To estimate all 4 quadratic effects, you need to have different points available, middle level factors (with 0 for the factor you want to estimate the quadratic effect, and +/-1 for other factor levels), instead of centre points (with 0 for all factors levels).

 

Try re-fitting your model only with one quadratic effect, and you will be able to estimate p-value for this quadratic effect, and lack-of-fit test :

Victor_G_0-1736753950370.png

The p-value of this quadratic effect clearly shows a curvature in your response (as well as the plots you have shown in your latest response). The p-value for this effect is calculated with the null hypothesis being "this effect is not significantly different from 0". So as the p-value is very low here, you can be quite confident that this effect seems to be statistically significant from 0, and that a curvature/quadratic effect is clearly visible. Adding a quadratic effect in you model enable to have a more adequate model (lack-of-fit test doesn't show very low p-value, so the model seems more adequate).

 

If you fit a model only with main effects and 2-factors interactions, you already had some hints that something more was probably hidden, as the lack-of-fit test shows a very low value (so the model may not be adequate) and actual vs. predicted and residual plots seem to indicate a curvature :

Victor_G_2-1736754420862.png

Please see the article How to do a test for curvature in a DOE with JMP I mentioned before if you want to test curvature with a similar output as in Minitab :

Victor_G_0-1736758487921.png

 

Hope this answer will help you, 

Victor GUILLER

"It is not unusual for a well-designed experiment to analyze itself" (Box, Hunter and Hunter)
Xinghua
Level II

Re: Why can't I detect curvature (nonlinearity) in DOE in JMP?

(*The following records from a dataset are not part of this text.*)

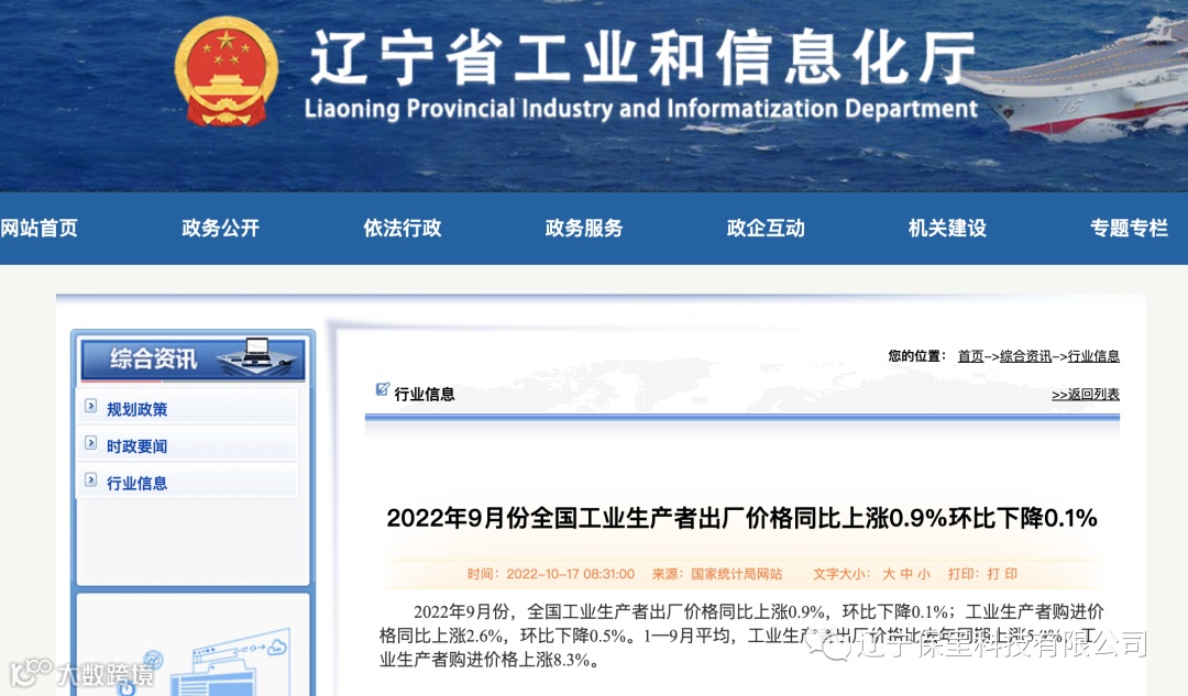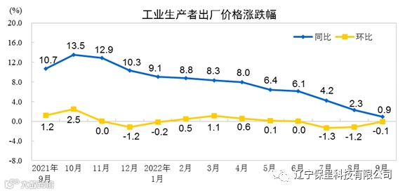 本期保呈快讯内容:关于《2022年9月份全国工业生产者出厂价格同比上涨0.9%环比下降0.1%》-内容分享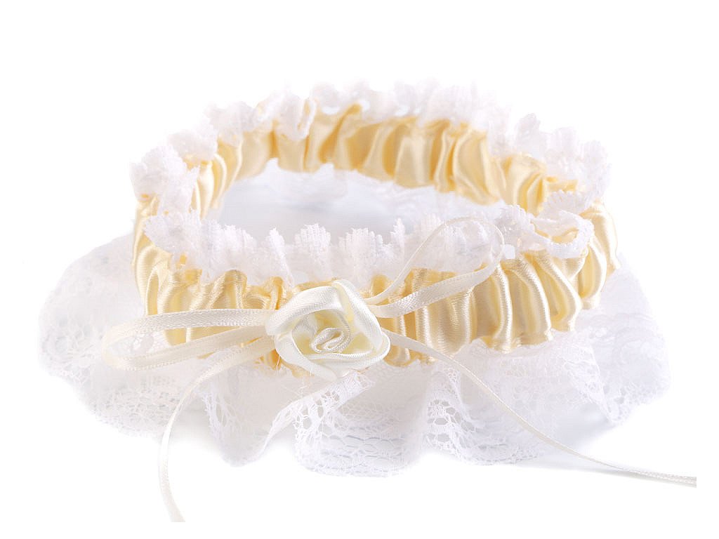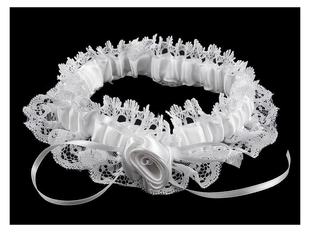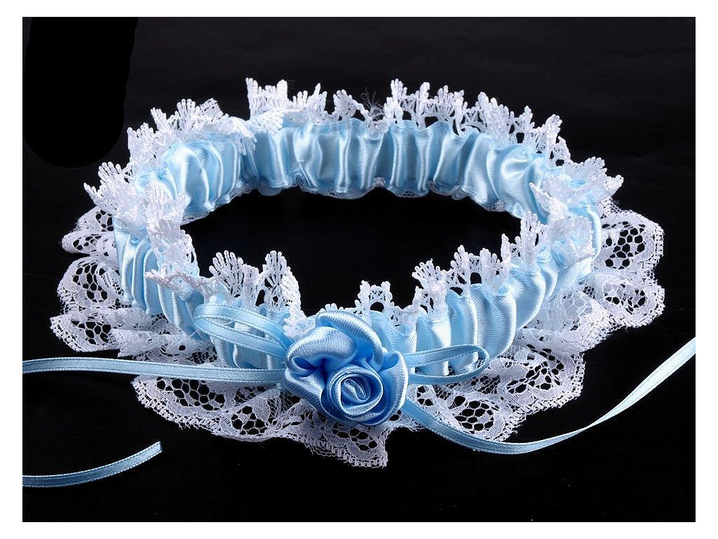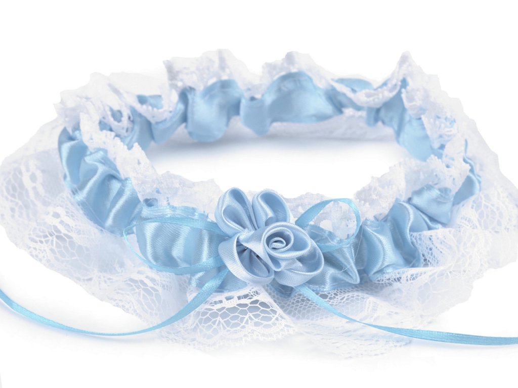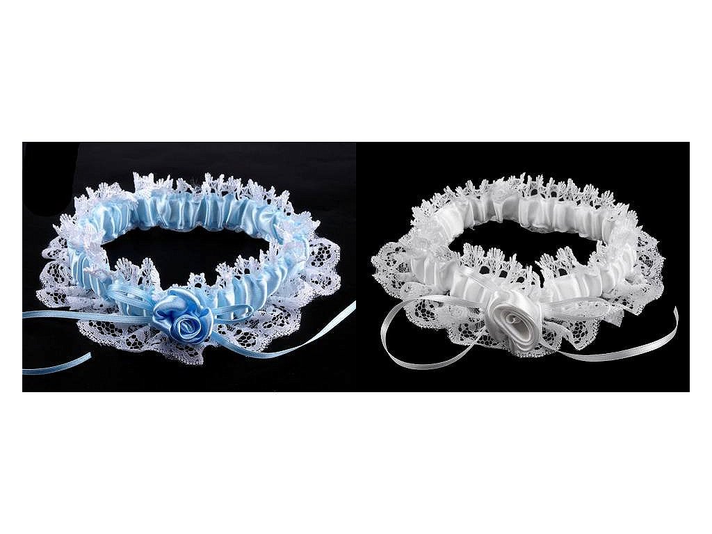 Podvazek Ø 11 cm, obvod volně položený 34 cm, výška v rozmezí od 60 – 80 mm. Dá se natáhnout na obvod stehna do 54 cm. Ve svatební den má mít nevěsta na sobě něco starého, něco nového, něco půjčeného a něco modrého. Stará věc jí má připomínat, s čím se loučí. Nová věc je symbolem nového života a vypůjčená připomíná přátelství, které je třeba dále pěstovat. Nesmí chybět modrý podvazek, protože modrá je barva věrnosti.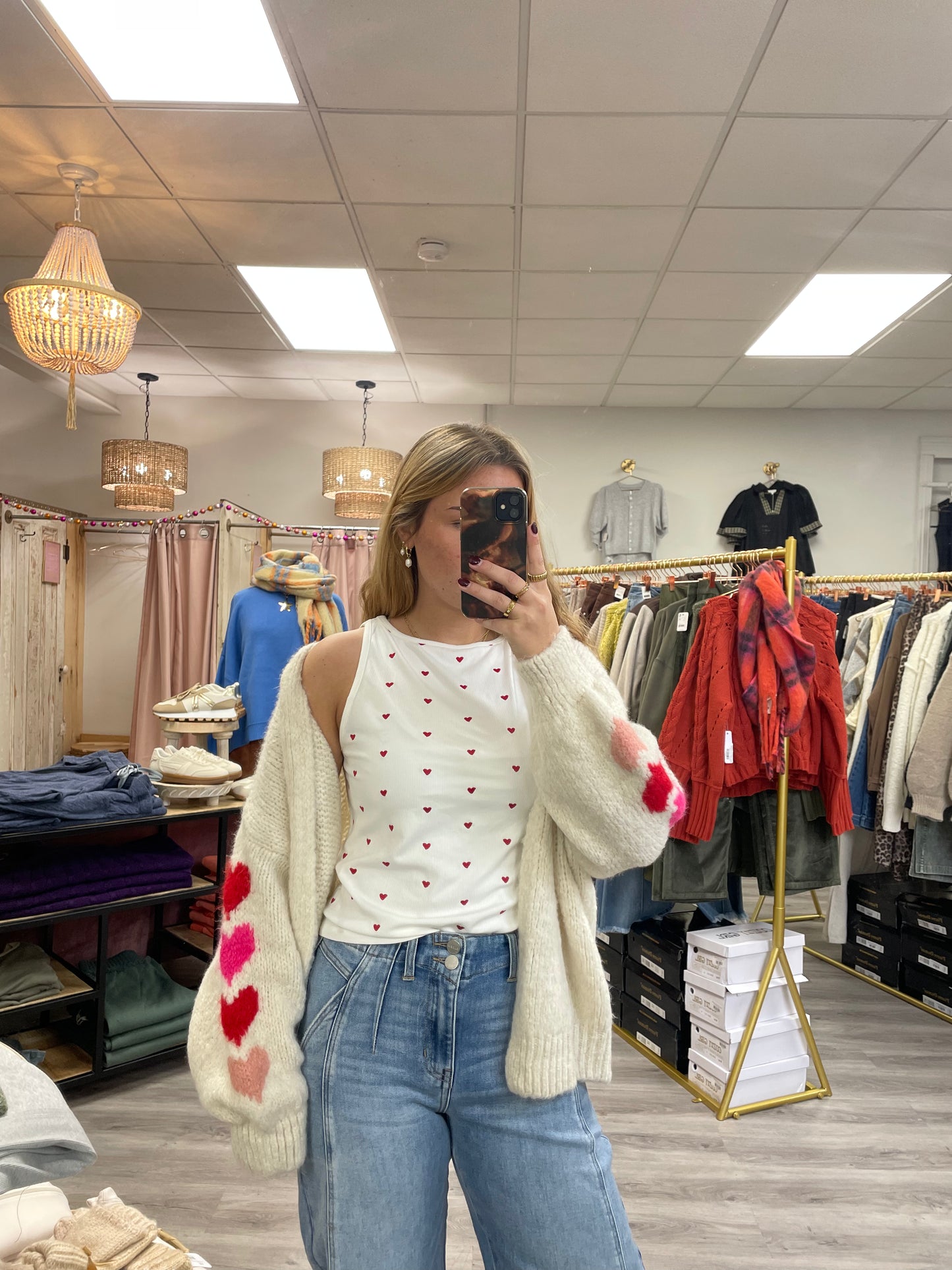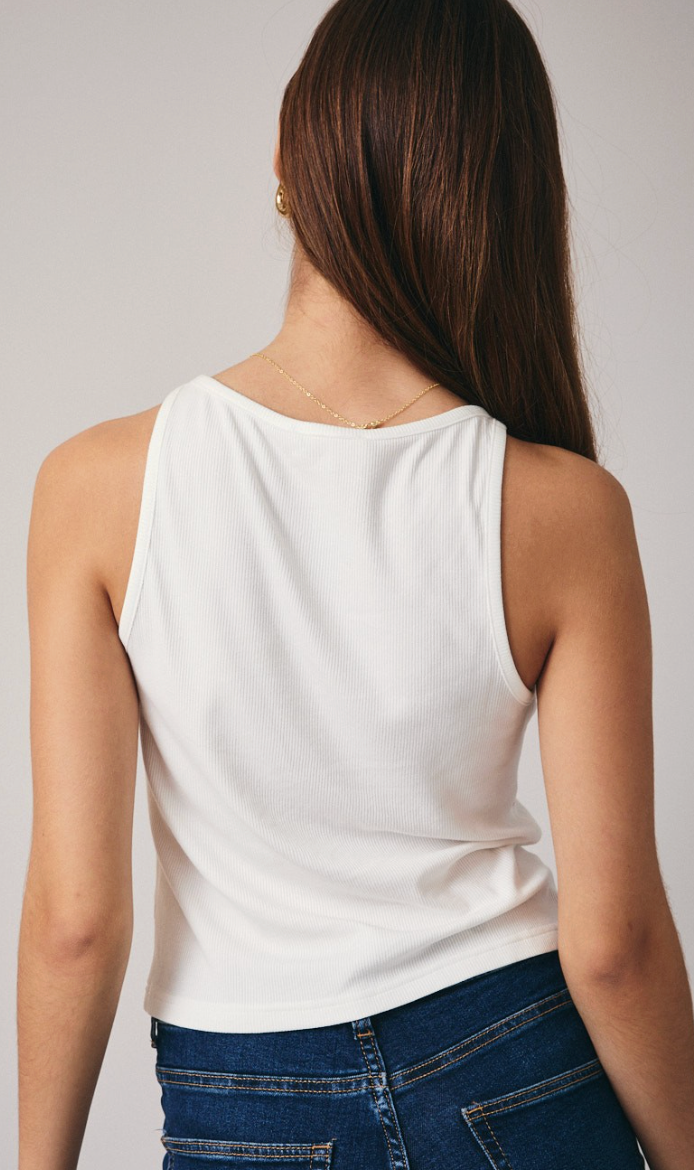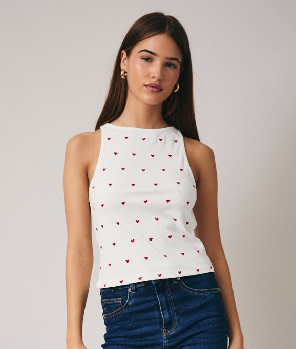 Feel the love with this crisp white tank featuring a classic ribbed boat neckline and delicate embroidered red hearts. Perfect for layering or wearing solo, this playful piece brings a touch of whimsy to your everyday wardrobe. The structured ribbed fabric keeps its shape while the sweet heart details add personality to any casual look.

Thank you very much for your enthusiasm.
I can confirm that in a DOE factorial design, if he center points are used, then there will only be combinations of the center points of the factors (if there are 4 factors, then there will only be 0000, not 000+, +-0 +...), if RSM is used, there will be a combination of the center point of one factor and any level of other factors (if there are 4 factors, there will be 000+, +-0+, 0000...).

P_Bartell
Level VIII

Re: Why can't I detect curvature (nonlinearity) in DOE in JMP?

While I haven't looked at the links provided by @Victor_G , and I agree with everything others have contributed to date, my first step, always, never fail, before any statistical test p, t, F, or otherwise, is to plot response vs. factor scatter plots. I hope at least one of those references encourages this approach. Your eye and process knowledge are the most sensitive 'detectors' of effects I've ever encountered. In 30 years of practice of DOE in an industrial setting I honestly can't recall one experiment we analyzed where a LOF test for curvature was 'significant' that didn't show up in scatter plots first.

Xinghua
Level II

Re: Why can't I detect curvature (nonlinearity) in DOE in JMP?

Thank you very much.

DOE can generate leverage graphs, even with p-values. But I'm not sure what that p-value (if less than 0.05) means.

2025-01-13_151236.jpg

P_Bartell
Level VIII

Re: Why can't I detect curvature (nonlinearity) in DOE in JMP?

The leverage plots are a graphical way to test the hypothesis that the slope of the coefficient of for a given factor = 0. It can also be used for other purposes. See the JMP documentation for a thorough explanation.

Leverage plots in JMP The p value is interpreted as any other p value for a parameter estimate. Only amplitude is below the 0.05 threshold...if that's a threshold you want to use.